*Exercise aim*.
For each entry, output its words exactly and leave any picture behind.

*Records for the exercise*.
· · · ·

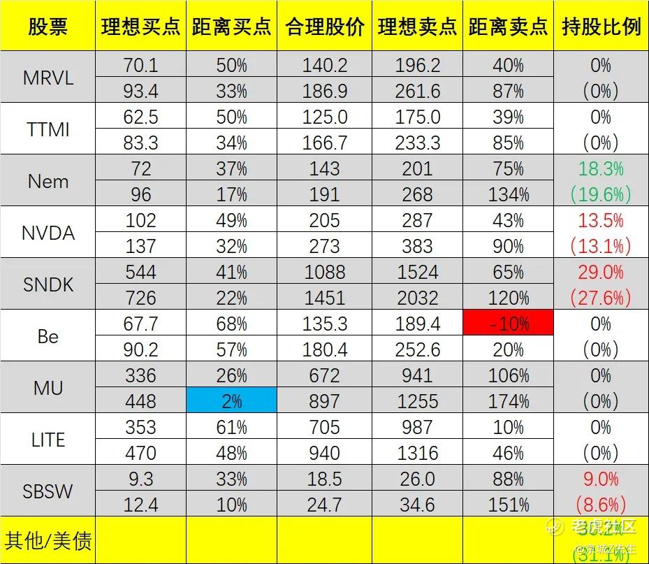 NVDA 13.5%,SNDK 29.0%,NEM 18.3%,SBSW 9.0%,现金/美债 30.2%。
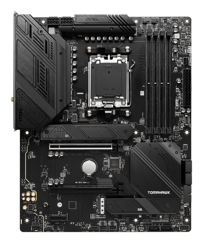 MSI MAG B650 Tomahawk WIFI. Processorfabrikant: AMD, Processor socket: Socket AM5, Compatibele processors: AMD Ryzen 7 7th Gen, AMD Ryzen 9 7th Gen. Ondersteunde geheugen types: DDR5-SDRAM, Maximum intern geheugen: 128 GB, Supported memory clock speeds: 4800,5000,5200,5400,5600,5800,6000,6200,6400,6600 MHz. Ondersteunde opslagstationinterfaces: M.2, SATA, Soorten RAID: 0, 1, 10. Ethernet interface type: 2.5 Gigabit Ethernet, LAN controller: Realtek RTL8125B, Wifi-standaard: Wi-Fi 6E (802.11ax). Component voor: PC, Moederbord form factor: ATX, Moederbord chipset familie: AMD
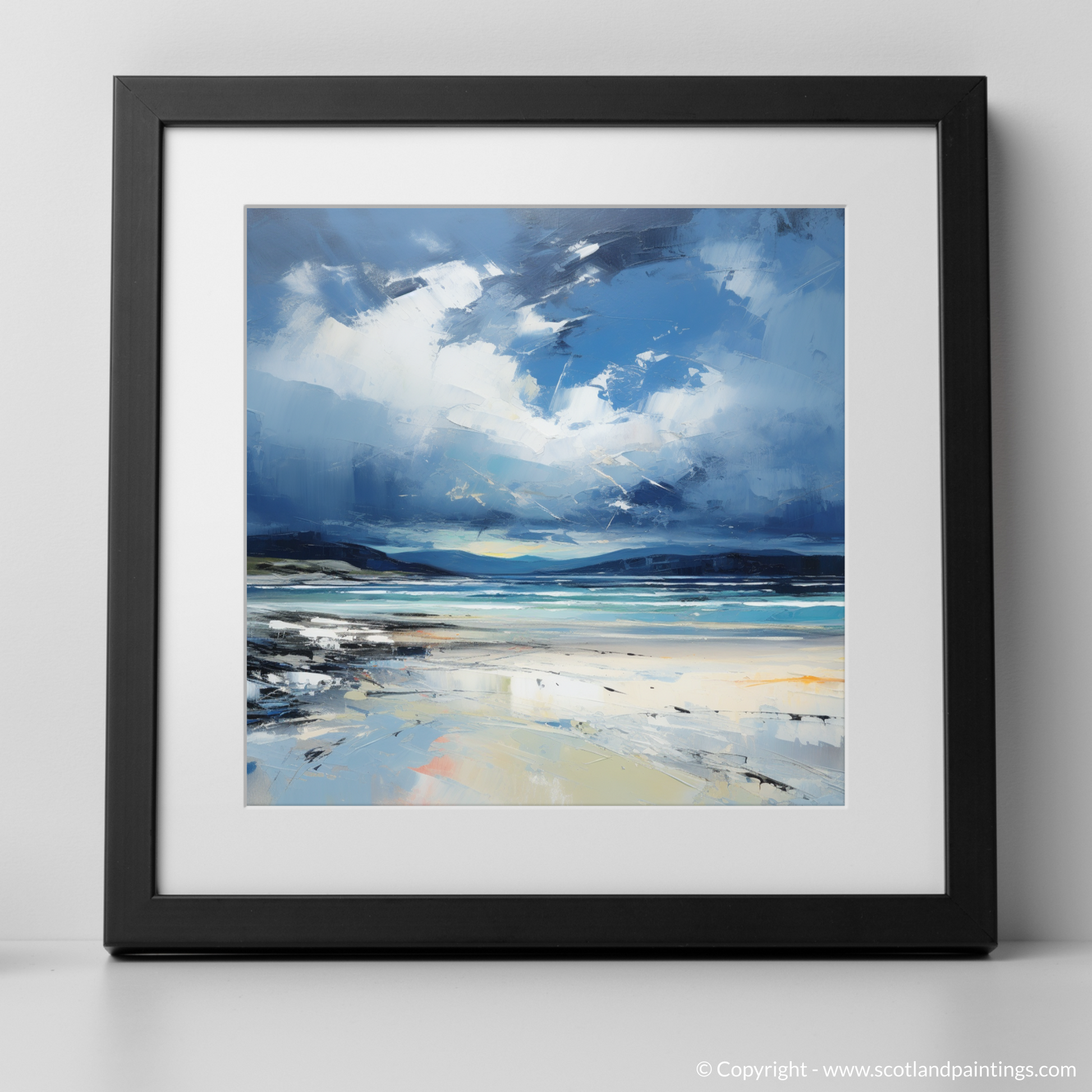 Camusdarach Beach, nestled on the west coast of the Scottish Highlands, is renowned for its breathtaking stretches of white sand set against a backdrop of swirling seas and majestic skies. Often an inspiration to artists and nature lovers alike, the beach is celebrated for its pristine beauty, ever-shifting light, and captivating vistas. The dramatic sky in these paintings faithfully echoes the real-life spectacle of stormy weather rolling across the landscape, offering viewers a taste of this enchanting locale's spirit and allure.
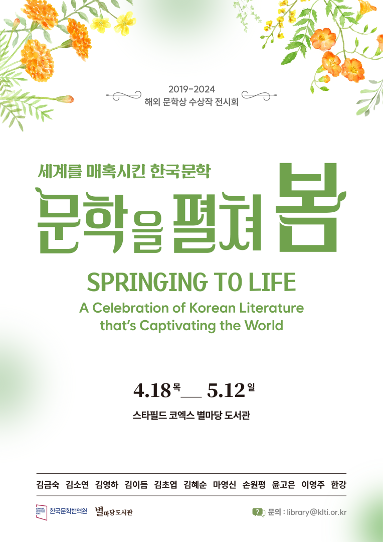 외부공지 행사 한국문학번역원 번역전문도서관-별마당도서관『문학을 펼쳐 봄: 세계를 매혹시킨 한국문학』전시회 안내 2024.04.19 조회수 2,401 학생처 share facebook twitter kakaotalk 카카오톡 앱이설치된 모바일 기기에서만공유 가능합니다. https://www.syu.ac.kr/?p=203558 share 복사 facebook twitter kakaotalk 카카오톡 앱이설치된 모바일 기기에서만공유 가능합니다. 이전글 행사「2024 청주 가드닝 페스티벌」안내 다음글 행사강남문화재단 제977회 목요예술무대 공연 안내 목록
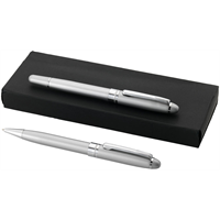 En rollerball in kartonnen geschenkverpakking. Zwartschrijvend. ABS Plastic, Metaal.

· · · ·

*Expected answer*.
 NVDA 13.5%,SNDK 29.0%,NEM 18.3%,SBSW 9.0%,现金/美债 30.2%。
 MSI MAG B650 Tomahawk WIFI. Processorfabrikant: AMD, Processor socket: Socket AM5, Compatibele processors: AMD Ryzen 7 7th Gen, AMD Ryzen 9 7th Gen. Ondersteunde geheugen types: DDR5-SDRAM, Maximum intern geheugen: 128 GB, Supported memory clock speeds: 4800,5000,5200,5400,5600,5800,6000,6200,6400,6600 MHz. Ondersteunde opslagstationinterfaces: M.2, SATA, Soorten RAID: 0, 1, 10. Ethernet interface type: 2.5 Gigabit Ethernet, LAN controller: Realtek RTL8125B, Wifi-standaard: Wi-Fi 6E (802.11ax). Component voor: PC, Moederbord form factor: ATX, Moederbord chipset familie: AMD
 Camusdarach Beach, nestled on the west coast of the Scottish Highlands, is renowned for its breathtaking stretches of white sand set against a backdrop of swirling seas and majestic skies. Often an inspiration to artists and nature lovers alike, the beach is celebrated for its pristine beauty, ever-shifting light, and captivating vistas. The dramatic sky in these paintings faithfully echoes the real-life spectacle of stormy weather rolling across the landscape, offering viewers a taste of this enchanting locale's spirit and allure.
 외부공지 행사 한국문학번역원 번역전문도서관-별마당도서관『문학을 펼쳐 봄: 세계를 매혹시킨 한국문학』전시회 안내 2024.04.19 조회수 2,401 학생처 share facebook twitter kakaotalk 카카오톡 앱이설치된 모바일 기기에서만공유 가능합니다. https://www.syu.ac.kr/?p=203558 share 복사 facebook twitter kakaotalk 카카오톡 앱이설치된 모바일 기기에서만공유 가능합니다. 이전글 행사「2024 청주 가드닝 페스티벌」안내 다음글 행사강남문화재단 제977회 목요예술무대 공연 안내 목록
 En rollerball in kartonnen geschenkverpakking. Zwartschrijvend. ABS Plastic, Metaal.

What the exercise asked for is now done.